> _EXERCISE AIM_
The material below holds pictures; leave them out and reproduce exactly the lines from the one with "Some experts simplify" through the one with "Carga rápida de", inclusive.

> _RECORDED DATA_
################

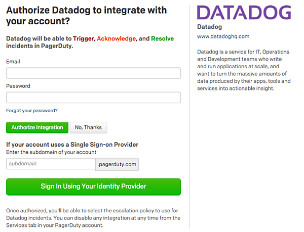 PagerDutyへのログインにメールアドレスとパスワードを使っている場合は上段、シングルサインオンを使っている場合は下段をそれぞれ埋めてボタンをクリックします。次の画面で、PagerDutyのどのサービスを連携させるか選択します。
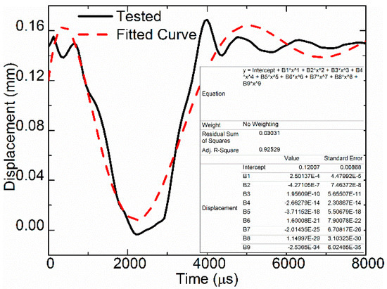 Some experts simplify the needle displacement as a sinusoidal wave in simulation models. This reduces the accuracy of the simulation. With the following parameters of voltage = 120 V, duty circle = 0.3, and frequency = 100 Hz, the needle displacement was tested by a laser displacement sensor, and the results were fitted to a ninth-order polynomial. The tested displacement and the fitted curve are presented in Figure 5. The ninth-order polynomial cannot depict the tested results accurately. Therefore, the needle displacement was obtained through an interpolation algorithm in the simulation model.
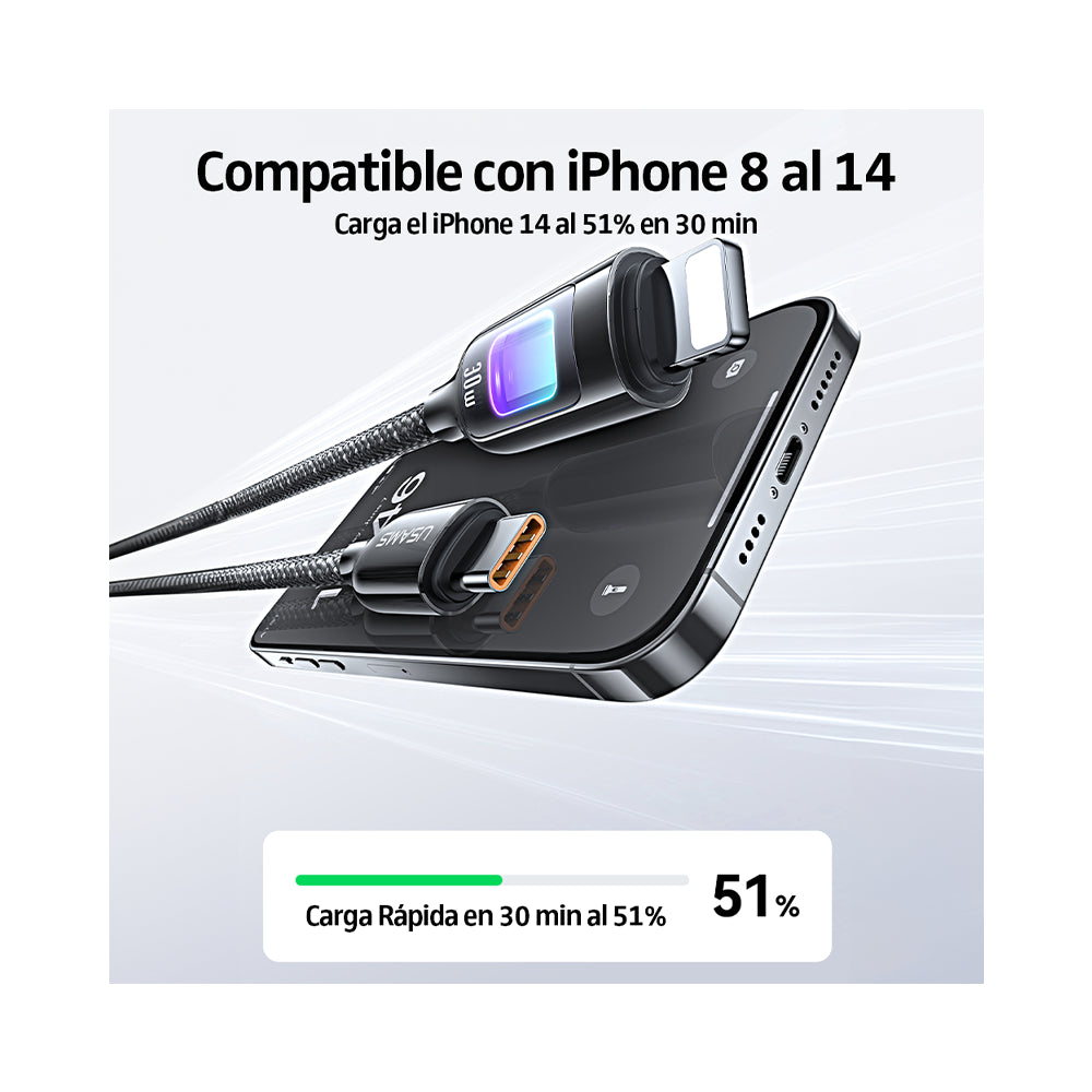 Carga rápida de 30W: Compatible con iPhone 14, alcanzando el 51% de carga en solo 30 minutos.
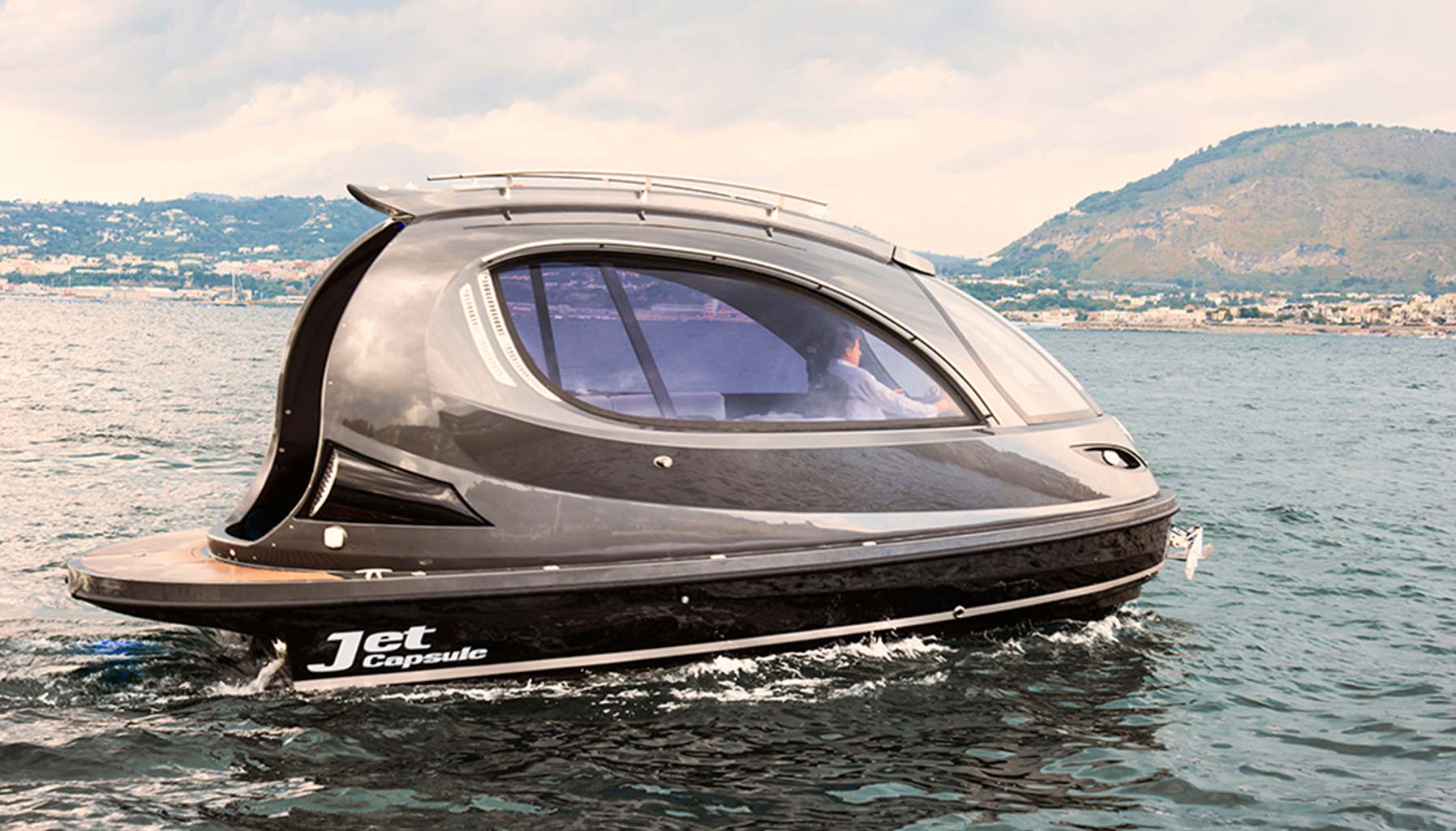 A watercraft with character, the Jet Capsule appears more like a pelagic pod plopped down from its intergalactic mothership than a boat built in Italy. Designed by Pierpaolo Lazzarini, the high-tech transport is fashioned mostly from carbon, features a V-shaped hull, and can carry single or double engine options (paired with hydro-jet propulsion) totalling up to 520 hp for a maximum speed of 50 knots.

################

> _ANSWER TO THIS PROBLEM_
 Some experts simplify the needle displacement as a sinusoidal wave in simulation models. This reduces the accuracy of the simulation. With the following parameters of voltage = 120 V, duty circle = 0.3, and frequency = 100 Hz, the needle displacement was tested by a laser displacement sensor, and the results were fitted to a ninth-order polynomial. The tested displacement and the fitted curve are presented in Figure 5. The ninth-order polynomial cannot depict the tested results accurately. Therefore, the needle displacement was obtained through an interpolation algorithm in the simulation model.
 Carga rápida de 30W: Compatible con iPhone 14, alcanzando el 51% de carga en solo 30 minutos.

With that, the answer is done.